Work request: Set down a true copy of the data, with all pictures left out.

[Stored data — start]

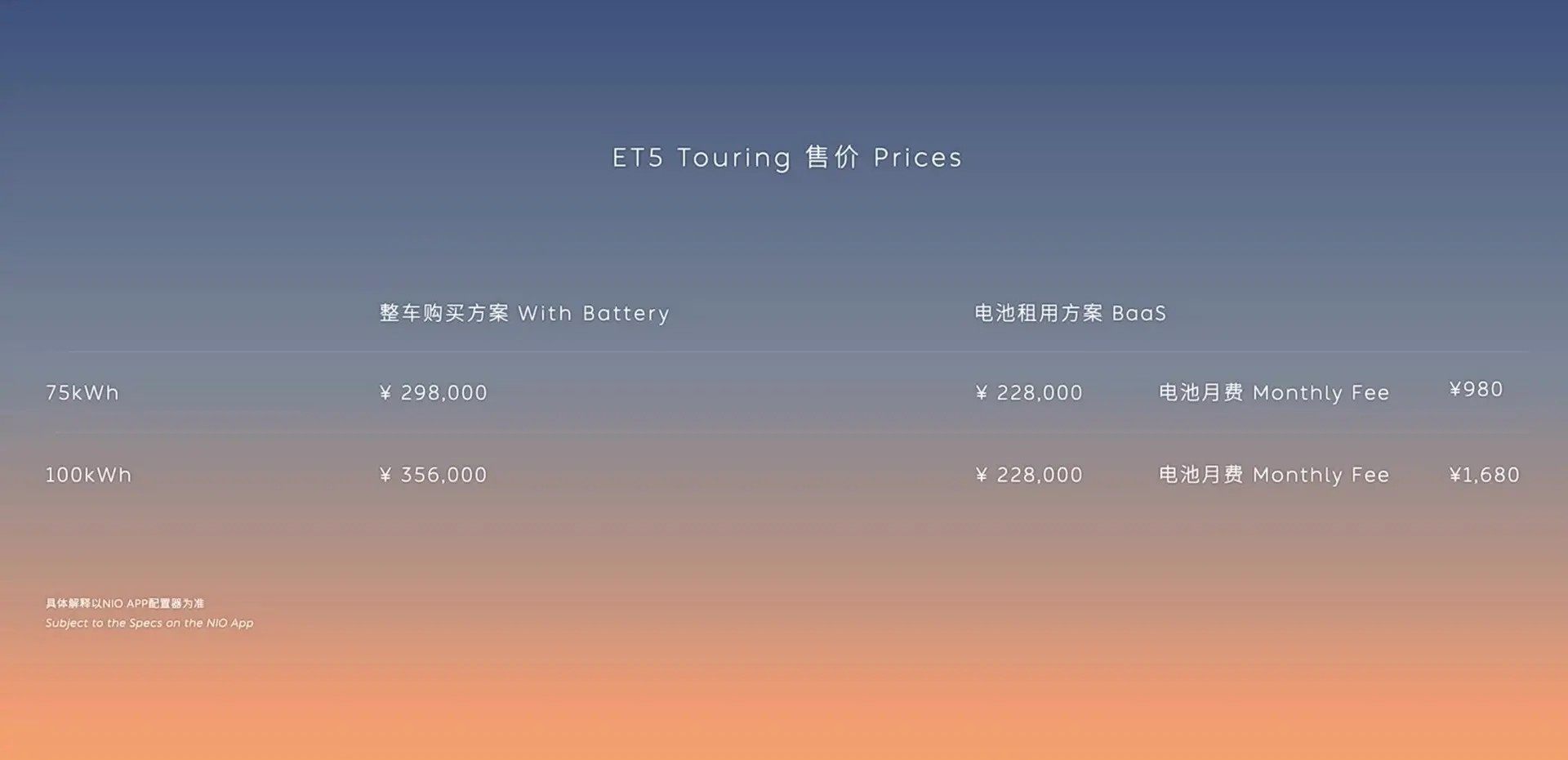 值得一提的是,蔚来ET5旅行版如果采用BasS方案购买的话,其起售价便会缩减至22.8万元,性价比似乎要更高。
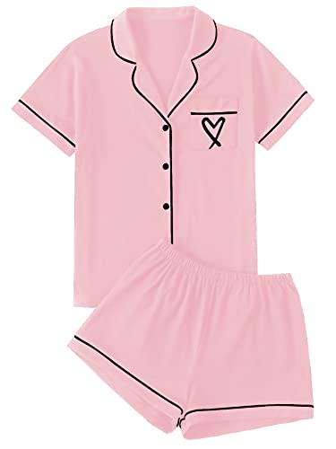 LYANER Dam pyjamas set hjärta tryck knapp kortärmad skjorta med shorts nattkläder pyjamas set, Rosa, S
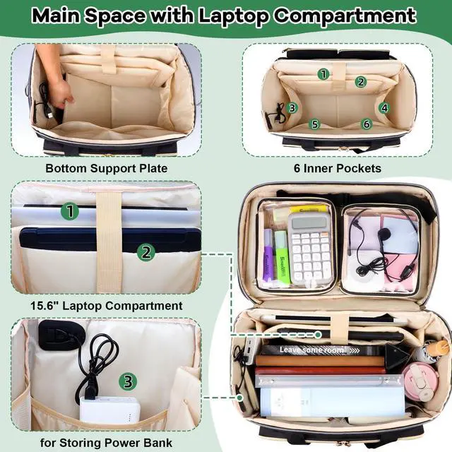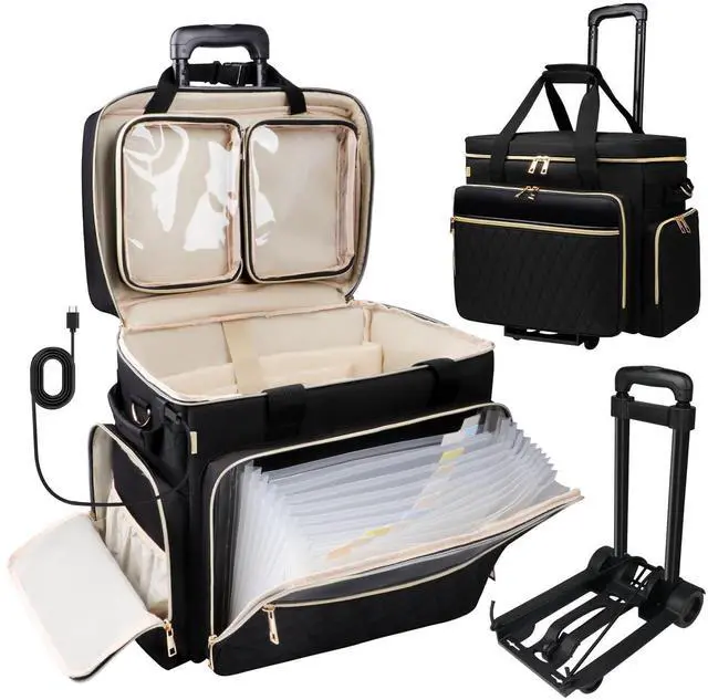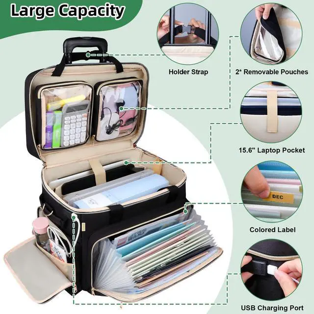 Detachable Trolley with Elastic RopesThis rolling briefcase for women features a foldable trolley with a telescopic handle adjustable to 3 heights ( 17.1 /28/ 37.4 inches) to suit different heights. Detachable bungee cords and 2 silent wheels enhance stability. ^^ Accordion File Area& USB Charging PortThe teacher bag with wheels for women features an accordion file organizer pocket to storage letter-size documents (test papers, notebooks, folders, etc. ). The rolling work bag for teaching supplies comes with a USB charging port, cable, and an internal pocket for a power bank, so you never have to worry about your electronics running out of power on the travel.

[Stored data — finish]

Answer area:
 值得一提的是,蔚来ET5旅行版如果采用BasS方案购买的话,其起售价便会缩减至22.8万元,性价比似乎要更高。
 LYANER Dam pyjamas set hjärta tryck knapp kortärmad skjorta med shorts nattkläder pyjamas set, Rosa, S
 Detachable Trolley with Elastic RopesThis rolling briefcase for women features a foldable trolley with a telescopic handle adjustable to 3 heights ( 17.1 /28/ 37.4 inches) to suit different heights. Detachable bungee cords and 2 silent wheels enhance stability. ^^ Accordion File Area& USB Charging PortThe teacher bag with wheels for women features an accordion file organizer pocket to storage letter-size documents (test papers, notebooks, folders, etc. ). The rolling work bag for teaching supplies comes with a USB charging port, cable, and an internal pocket for a power bank, so you never have to worry about your electronics running out of power on the travel.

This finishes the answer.